Wednesday, November 27, 2013

Connection timeout and recovery - usecase

Connection timeout and instance retries are quite related and easy to configure from Oracle SOA 11g console. Here is one of the use case we wanted go over to see how it works out in realistic production scenario.

Scenario for our environment:
Multiple processes deployed with interaction to mostly external web services and database (local and XA). There are some services or db calls which can take 10/20 minutes (entire call or even from one dehydration point to next dehydration point) and some should take no longer than 10 seconds (SLA). If takes longer than configured time, we certainly don't want to wait, and error out and do another process (e.g. send error notification) or send back error message, etc..

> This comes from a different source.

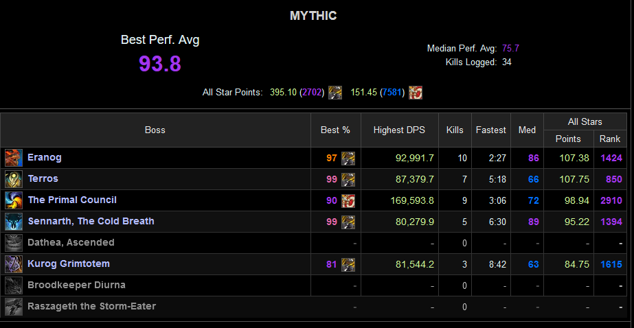 I managed to get a World Record DPS score on Sennarth as BM (without external buffs) at my iLevel, which was gratifying as hell, and parse-wise I'm currently sitting just below 94% overall:

Configuration Screens: Below provides information on how to configure connection retries or various timeouts in SOA 11g.
 


Connection Retries

  • EM -> SOA-INFRA -> SOA Administration -> Common





  • EM -> SOA-INFRA -> SOA Administration -> BPEL


    • Retries related with global transaction rollback



    • Scheduled Retries 







Connection Timeouts

  • BPEL engine (EJB Timeout)
    • console -> deployments -> soa-infra -> control -> [ SELECT BEAN ] -> Configuration -> X seconds
  • BPELEngineBean
  • BPELDeliveryBean
  • BPELActivityManagerBean
  • BPELServerManagerBean
  • BPELProcessManagerBean
  • BPELInstanceManagerBean
  • BPELFinderBean

  • Sync Max





  • Query Timeout : Query timeout can be specified either from BPEL process or at data source level. Value in BPEL takes precedence over data source. 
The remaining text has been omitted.